By FXEmpire.com

Europe’s leading shares fell yesterday; dragged down by weakness in banks, as the European Central Bank and Germany’s finance ministry deflated optimism the ECB would cap peripheral bond yields in an effort to contain the euro zone’s debt crisis. U.S. Stocks eased off their worst levels to end mostly flat in another thin session Monday, but still remained around four-year highs, lifted by gains in techs.

Asian stocks were off to a flat start on Tuesday as investors await further clues about any action from the ECB to ease the region’s fiscal crisis.

Spain’s 10-year bonds advanced for the first week this month on speculation the government will request a sovereign bailout that would trigger European Central Bank purchases of its debt.

German 10-year bunds dropped as Chancellor Angela Merkel signaled support for the ECB’s plan to help reduce indebted countries’ borrowing costs and attach conditions to the providing the support. Spanish Prime Minister Mariano Rajoy reiterated that he is considering requesting purchases.

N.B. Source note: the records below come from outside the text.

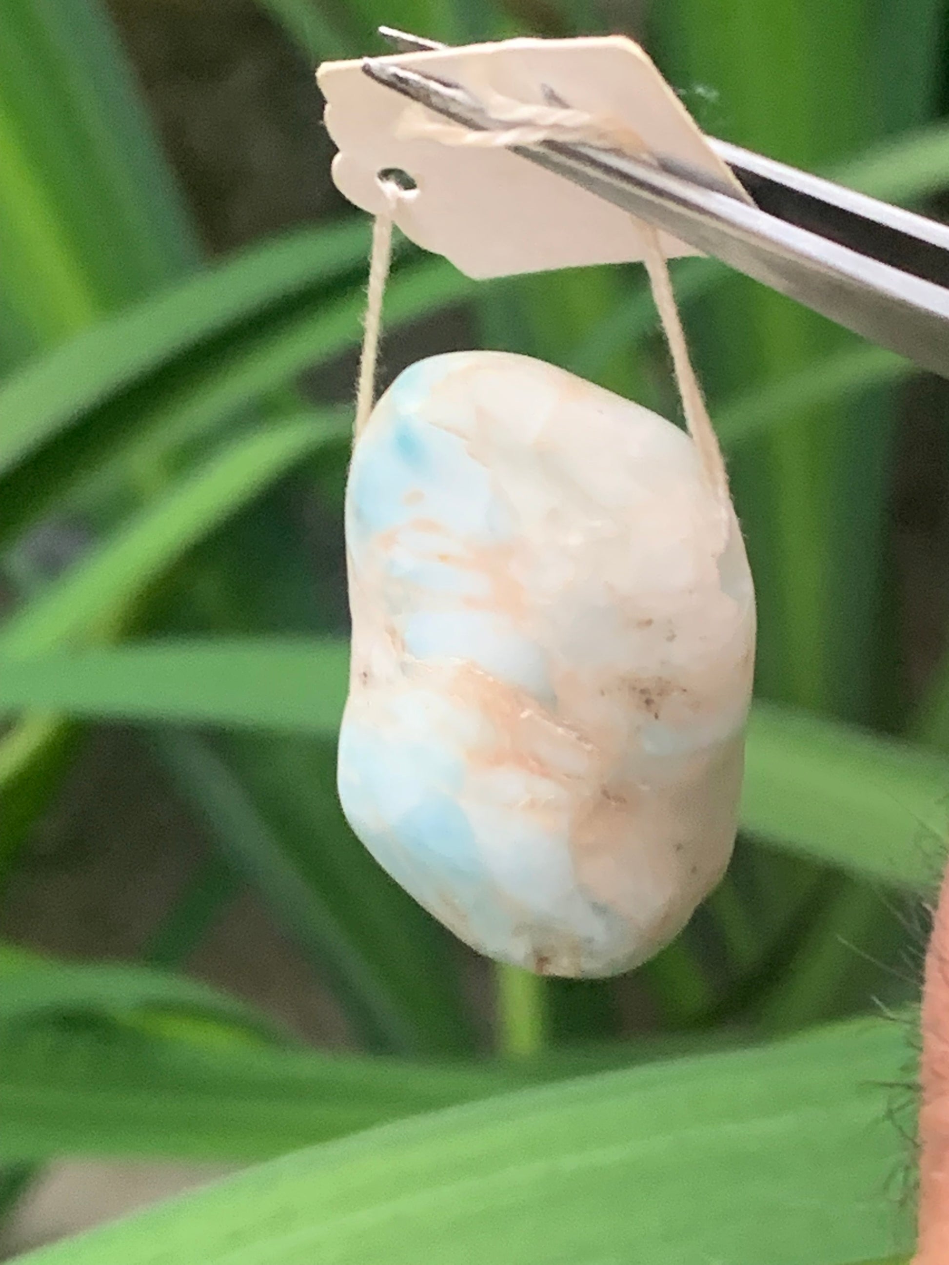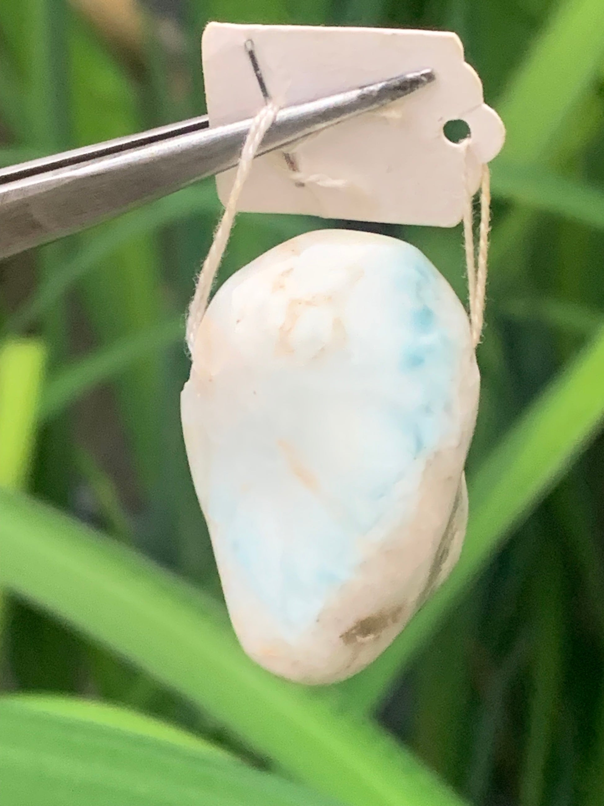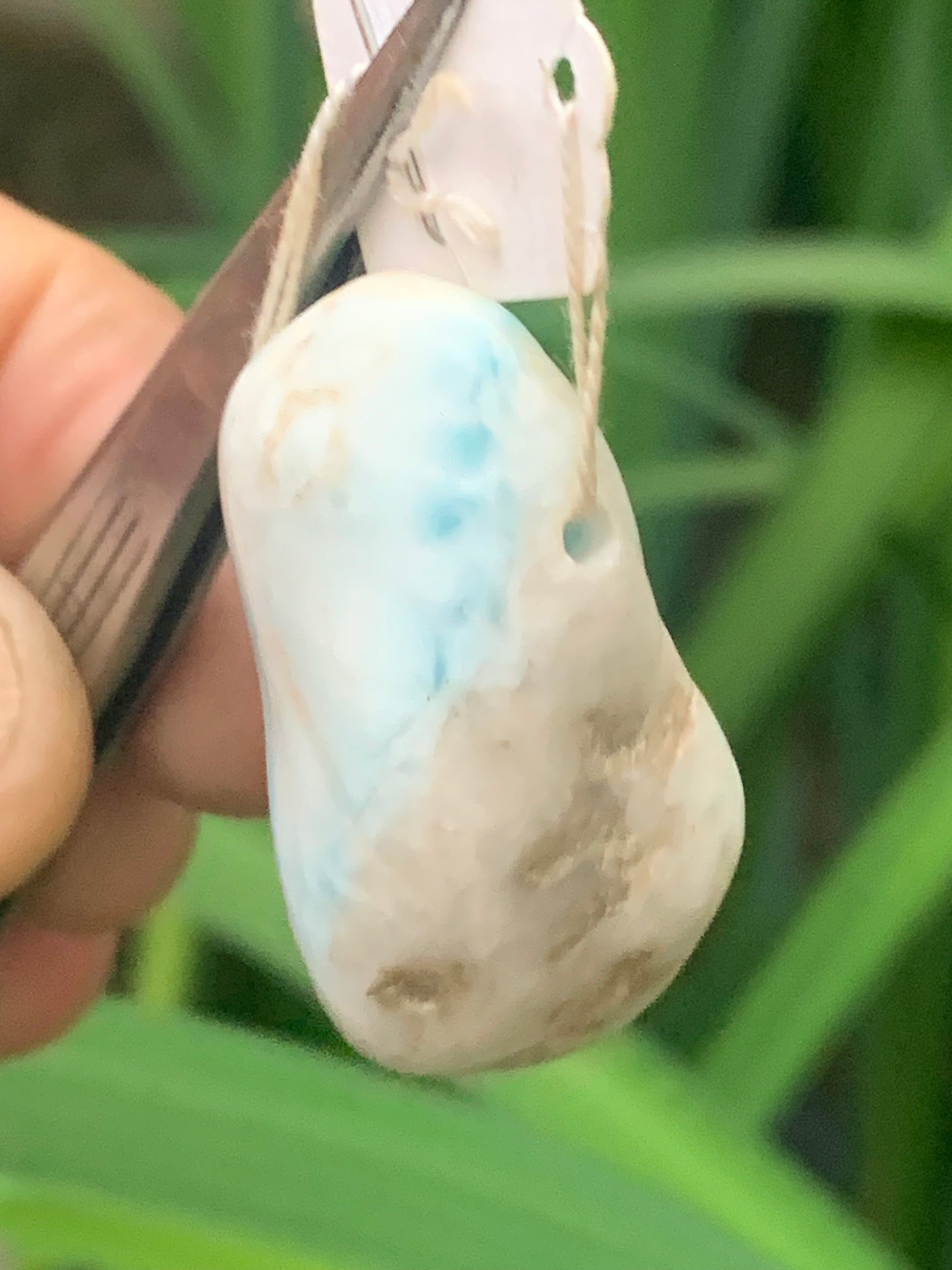 Larimar, pendentif en pierre naturelle à percement latéral. De 36 mm de hauteur x 22 de largeur x 17 d'épaisseur. Vendu avec cordon noir réglable !
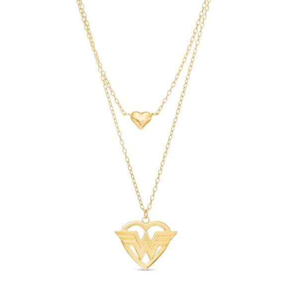 HeartwithLogoandMiniPuffHeartDoubleStrandNecklacein10KGold-21.5″
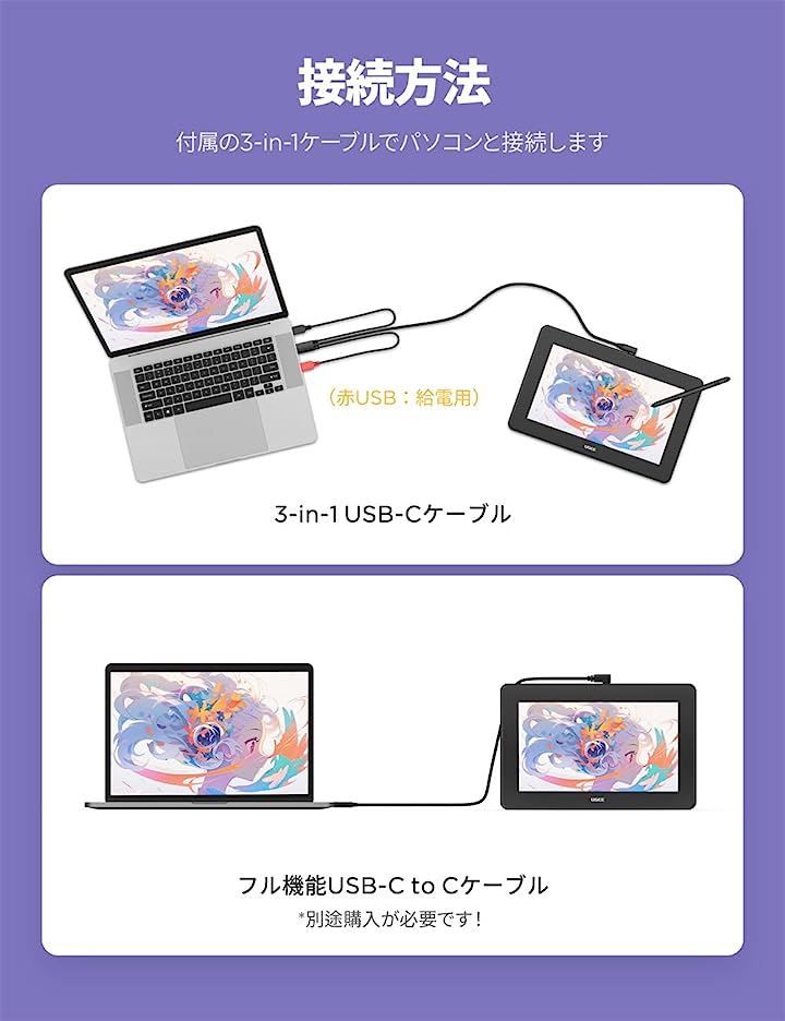 パッケージ内容:U1200液タブx1、電子不要ペンx1、3-in-1USB-Cケーブルx1、延長コードx1、替え芯x10、替え芯抽出器x1、日本語説明書x1 、絵描きグローブx1。
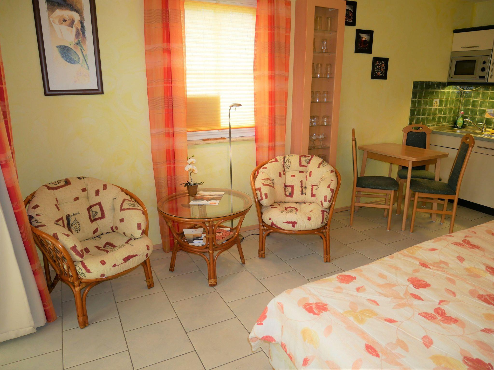 Die gemütliche Ferienwohnung ist ca. 30qm groß und für 2 Personen geeignet. Sie befindet sich im Erdgeschoss und hat einen separaten Eingang sowie eine Terrasse. Die Ferienwohnung verfügt über einen kombinierten Wohn-Schlafraum mit Doppelbett, Flat-TV, Esstisch & Mini-Küche mit 2-Plattenherd, Kühlschrank, Kaffeemaschine, Wasserkocher und Toaster. Zusätzlich gibt es ein kleines separates Zimmer mit einem Schlafsofa.
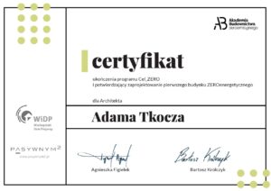 Ukończyliśmy Akademię Budownictwa ZEROemisyjnego oraz posiadamy certyfikaty zaprojektowania pierwszego budynku zeroenergetycznego.
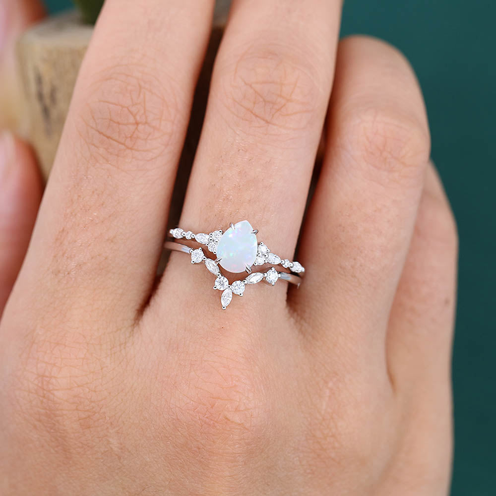 Unique Pear shaped Opal engagement ring set vintage white gold bridal ring Marquise cut Diamond ring Wedding Promise Anniversary ring set
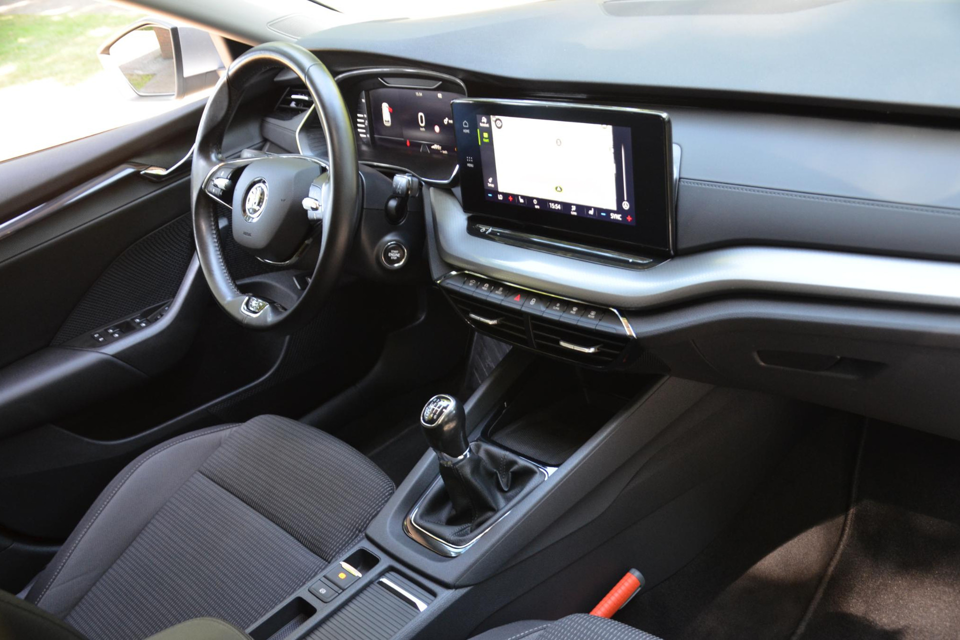 Een gevisualiseerd overzicht van alle belangrijke functies wordt geleverd door het digitale dashboard. Met adaptive cruise control houdt deze auto automatisch afstand tot uw voorligger. Spraaksturing maakt het eenvoudiger en veiliger om deze auto onderweg te bedienen. Je ziet hem niet, maar hij is er wel: de elektrisch inklapbare trekhaak. Handig en veilig: Connected Services. Alle vitale functies en data van de auto checkt u via de app op uw smartphone. De Skoda is standaard voorzien van: full map navigatiesysteem, automatische airconditioning, draadloos opladen, DAB ontvangst, parkeersensoren achter en regensensor.
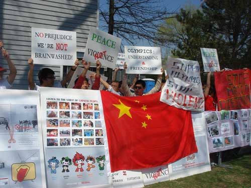 负责联络这次示威的柯盖特大学的老师龙小宁介绍说,所有的师生都是自发聚集到这里。这些学生分别来自柯盖特大学、苏尼大学的宾哈姆顿分校、雪城大学等柯盖特大学只有五名中国留学生,全部参加了今天的抗议活动。留学生们手中高举中国国旗及英语标语,还展出宣传北京奥运及抗议达赖和西方媒体的图片。学生们从上午十点开始一直持续到下午五点演讲结束,在会场外抗议示威七个小时,向进出演讲的人说明西藏事实真相。他们高喊“达赖停止撒谎”、“媒体必须公正报道”等口号,十分引人注目。
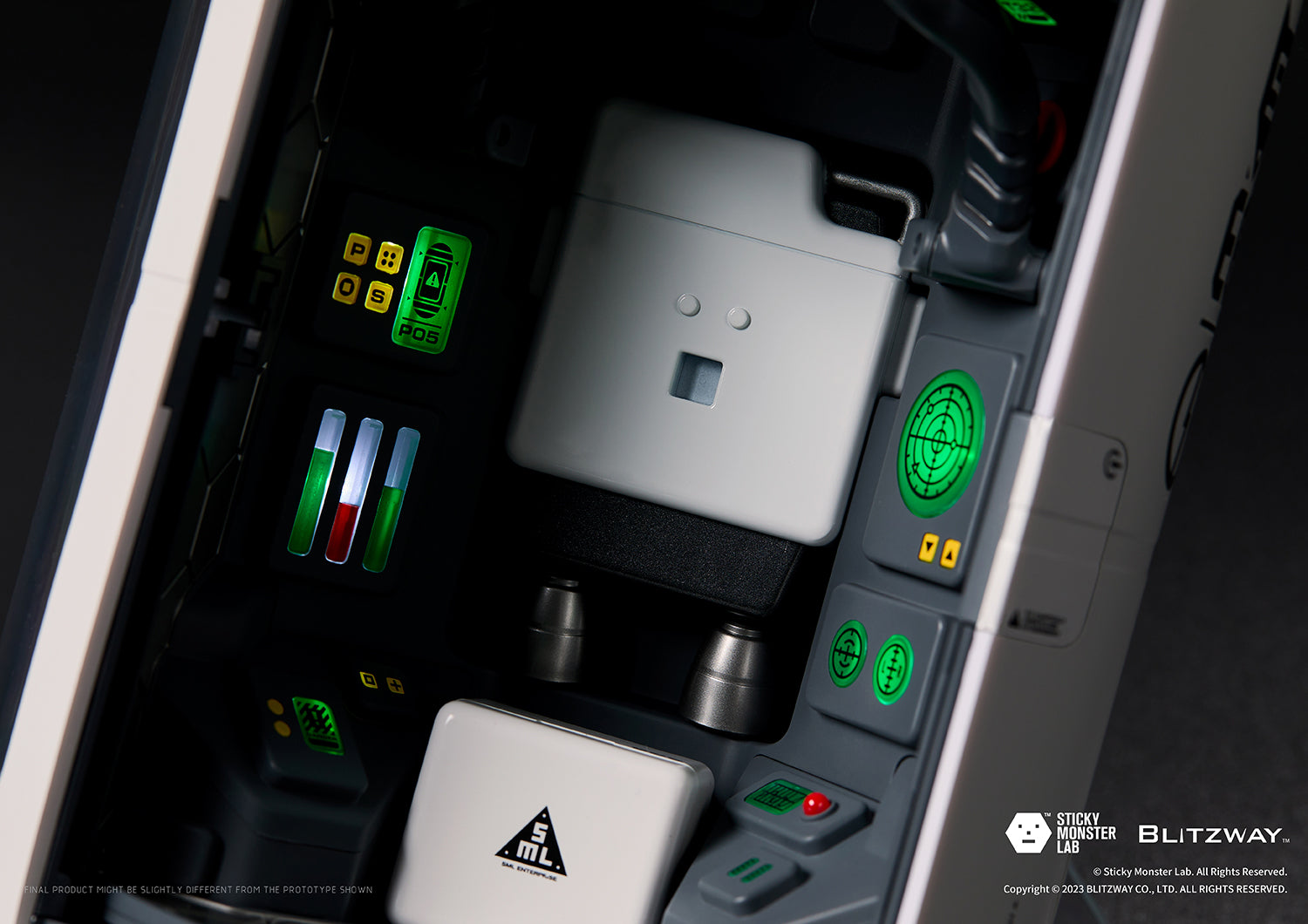 The interior of the escape pod is meticulously detailed, resembling the interior of an actual spacecraft, complete with safety bars. Moreover, the pod is equipped with 10 LEDs inside, as well as LEDs within the space soldier’s helmet visor, enabling dynamic lighting effects to enhance the immersive experience.
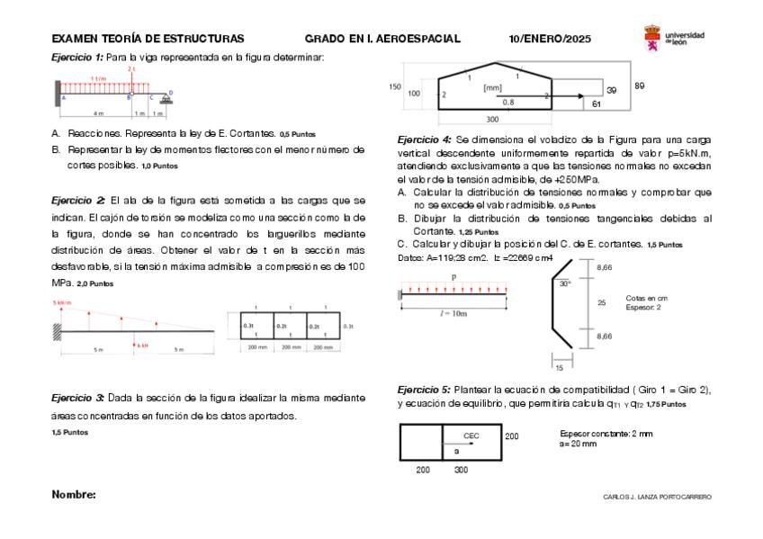 He publicado nuevos examenes de 3º Teoria de Estructuras: examen-aero-25.pdf
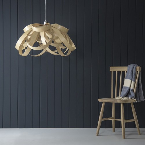 Các thiết kế của Tom Raffield chịu ảnh hưởng từ môi trường trưởng thành, sống và làm việc ở Exmoor hoang dã và miền quê Cornwall. Đèn Bloom là một trong những đứa con tinh thần của anh thể hiện rõ nét nguồn cảm hứng đến từ thiên nhiên đó. Những cánh hoa vòng cung mềm mại xếp thành một hình dạng đối xứng bao quanh bóng đèn, màu sắc thanh lịch, tươi sáng và ấm áp được chế tác từ gỗ cây tần bì, sồi và gỗ óc chó hoặc kết hợp giữa gỗ sồi và gỗ óc chó.
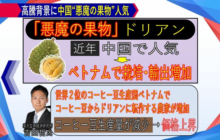 実は今、コーヒー豆生産量が世界2位のベトナムで、ドリアンの栽培と中国輸出のブームが起きています。
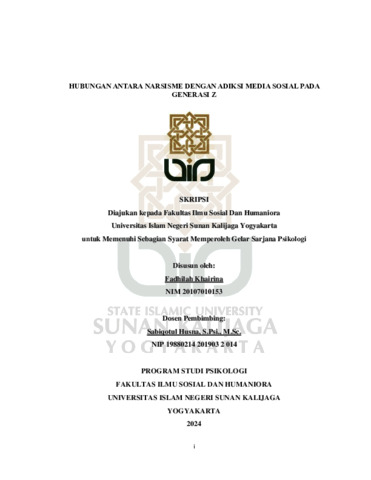 Fadhilah Khairina, NIM.: 20107010153 (2024) HUBUNGAN ANTARA NARSISME DENGAN ADIKSI MEDIA SOSIAL PADA GENERASI Z. Skripsi thesis, UIN SUNAN KALIJAGA YOGYAKARTA.
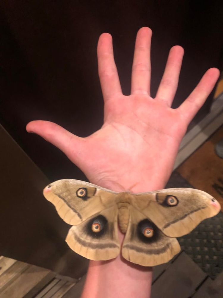 Предположительно, это бабочка сатурния полифем, член семейства гигантских шелкопрядов. Вы только взгляните в эти глаза!
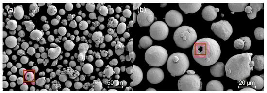 For the feedstock material, a gas-atomized virgin tool steel powder of X3NiCoMoTi18-9-5 (1.2709) (m4p material solution GmbH, Magdeburg, Germany) was used. The morphology was analyzed with a scanning electron microscope (SEM). The Gemini 2 system (Carl Zeiss GmbH, Oberkochen, Germany) was used for this purpose, using SE2 contrast at 5 kV. Figure 1 shows the powder under 250× and 750× magnification.
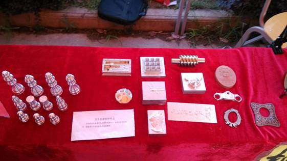 在展览中,电子作品展区的:智能车、消防车、模拟交通灯、篮球计分器、光立方等作品;机械作品展区的:龙凤呈祥、校徽、国际象棋、竹报平安等作品;木材加工作品:“如鱼得水圆通茶盘”、佛、观音立体雕像、“天林书苑”小木屋等作品引来了特别多的围观师生,指导老师跟制作者们耐心的跟前来参观的师生讲解着每一个作品的设计制作原理、工艺等步骤,让前来参观的师生全面了解我系各专业学习内容。
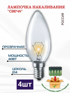Лампочка Е14 свеча 40Вт, прозрачная, 4шт
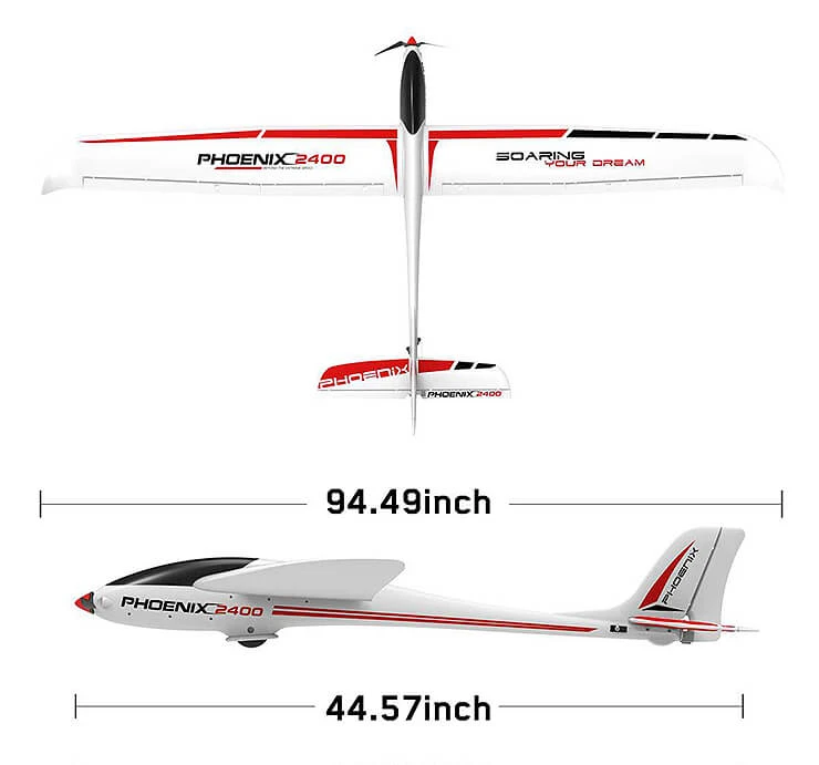 The 2.4M wingspan provides stable performance and makes you enjoy long glider flights. – A rugged plastic fuselarge provides flexibility and durability to prevent aircraft damage.

Asian stocks rose this week, with the benchmark index posting its longest weekly winning streak since March, after China’s Premier Wen Jiabao said there’s more room to adjust monetary policy and U.S. economic reports signaled strength in the world’s largest economy.

China’s July housing data showed prices of new homes rose in the largest number of cities in 14 months, as sentiment improved after interest rate cuts and incentives for first-time buyers.

The euro remained higher before Luxembourg Prime Minister Jean-Claude Juncker visits Greece to discuss the country’s request for an extension to its fiscal adjustment program

Gold rose by 0.13% after the ECB president said policy makers will do whatever is needed to preserve the euro and amid increasing expectations of further stimulus measures in the US. But market concerns remain. Some physical “buying” of gold from Europe this week spiked the bullion price, while the amounts have been “quite small” so far. Silver rose by 0.02%.

Crude oil rose by 0.02% for the first time in three days in New York on concern eased that rising economic worries faltering demand of oil will be a concern in the world’s biggest crude consumer. Brent crude squeezed margins and has begun stifling demand from petrochemical makers.

Reports that Saudi Arabia is producing oil at its highest capacity in three decades were released yesterday.

European governments are rushing to boost stockpiles of crude oil and fuel, three agencies in control of strategic reserves said on Friday, anxious to comply with new EU rules and ahead of feared supply disruptions in the Middle East.

Crude oil prices slipped just under $96 per barrel, in choppy trading as investors remain worried about the European Central Bank’s ability to address the euro zone debt crisis while tight North Sea supplies and Middle East turmoil limited losses.

Natural gas futures closed higher, after three straight losing sessions. Prices were supported by concerns about rising tropical activity and some technical buying.